Johnson & Johnson has submitted a Type II variation application to the European Medicines Agency (EMA) seeking approval for TECVAYLI® (teclistamab) monotherapy in adult patients with relapsed/refractory multiple myeloma (RRMM) after at least one prior therapy. This teclistamab multiple myeloma regulatory filing draws on Phase 3 MajesTEC-9 trial data, showing teclistamab’s superiority over standard regimens with a 71% reduction in progression or death risk (HR 0.29; 95% CI 0.23-0.38) and 40% lower mortality risk (HR 0.60; 95% CI 0.43-0.83) in patients mostly refractory to anti-CD38 antibodies and lenalidomide.

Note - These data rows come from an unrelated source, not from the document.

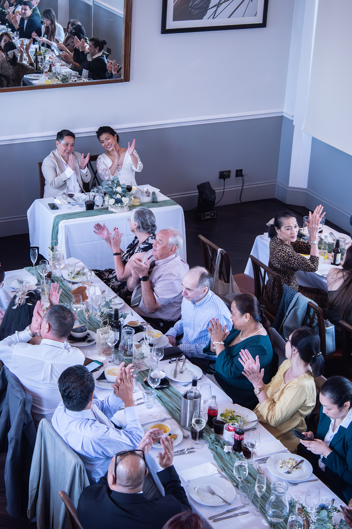 That easygoing energy carried throughout the ceremony and into the celebrations afterwards. When they walked back through the room as newlyweds, the cheers and applause from their guests filled the space.
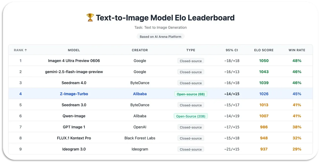 根据基于Elo的人类偏好评估(AI Arena),Z-Image-Turbo在与其他领先模型中表现出高度竞争力,同时在开源模型中取得了最先进的成绩。
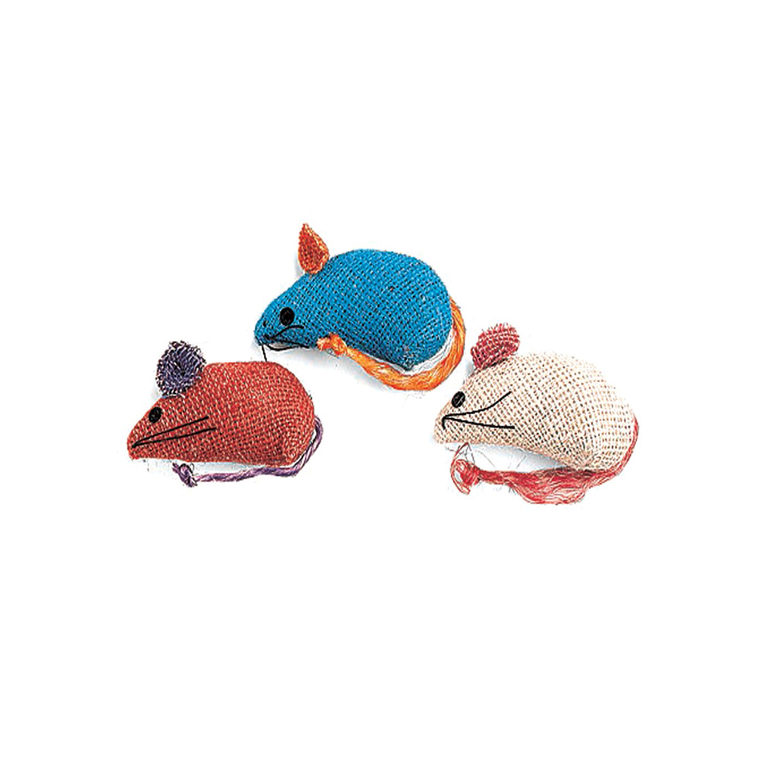 Colored Burlap Mice Cat Toy 3 Count quantity
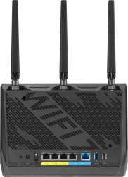 Router oferuje elastyczną konfigurację dzięki jednemu portowi 10G WAN/LAN oraz czterem portom 2,5G LAN. Funkcja AiMesh ułatwia rozszerzanie zasięgu przy użyciu dodatkowych urządzeń ASUS, zapewniając bezproblemową i stabilną sieć w całym domu.

It aims to establish teclistamab multiple myeloma therapy as a potential second-line standard, tackling unmet needs in relapsed patients with few options.
MajesTEC-9 Delivers PFS and OS Wins
The MajesTEC-9 trial highlights teclistamab multiple myelomas transformative edge in earlier-line RRMM, outperforming pomalidomide, bortezomib, and dexamethasone (PVd) or carfilzomib and dexamethasone (Kd) on progression-free survival (PFS) and overall survival (OS). Among 614 patients with 1-3 prior lines—85% refractory to anti-CD38 therapies and 79% to lenalidomide, over 90% to their last regimen—teclistamab cut progression or death risk by 71%. An Independent Data Monitoring Committee recommended early unblinding. These findings extend teclistamab’s profile, approved in Europe in 2022 for three-plus prior lines and 2023 for reduced dosing (1.5 mg/kg biweekly post-complete response), as a bispecific T-cell engager hitting BCMA and CD3.

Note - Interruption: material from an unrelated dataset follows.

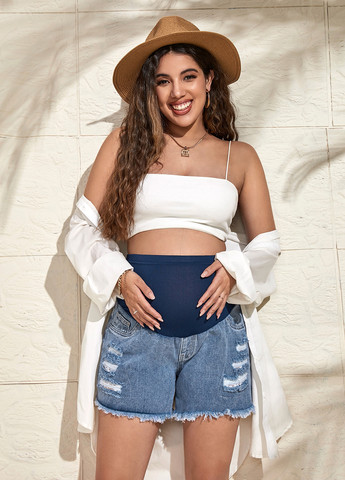 Шорти для вагітних із деніму – рваний дизайн. Ці шорти мають стандартний крій з необробленим краєм та рваними деталями. Тканина не тягнеться. У комплект входять фальшиві кишені.

Phase 3 Rigor Backs Safety and Endpoints
MajesTEC-9 (NCT05572515), an ongoing randomized Phase 3 trial, pitted subcutaneous teclistamab against PVd or Kd in RRMM after 1-3 lines, requiring prior anti-CD38 and lenalidomide. Primary endpoints: PFS and cytokine release syndrome (CRS) severity. Secondaries included complete response or better (≥CR), response duration, time to next therapy, PFS2, OS, adverse events, and quality of life via EORTC QLQ-C30. Safety matched prior data—manageable, no new signals—with infections handled via monitoring, immunoglobulins, and prophylaxis. This design validates claims in a refractory group where relapses speed up and remissions fade.
HEOR and Access Boost from Bispecific Shift
Second-line teclistamab multiple myeloma approval could transform health economics, positioning bispecifics earlier to prolong PFS and OS, cut escalation costs in a disease hitting 35,000+ new EU cases yearly (22,700 deaths in 2022). The 71% PFS and 40% OS gains versus PVd/Kd boost cost-effectiveness for BCMA therapies in refractory patients lacking community options. Payers may benchmark against triplets, weighing CRS protocols, subcutaneous ease, and sustained responses versus CAR-T complexity—favoring off-the-shelf immunotherapy in relapses.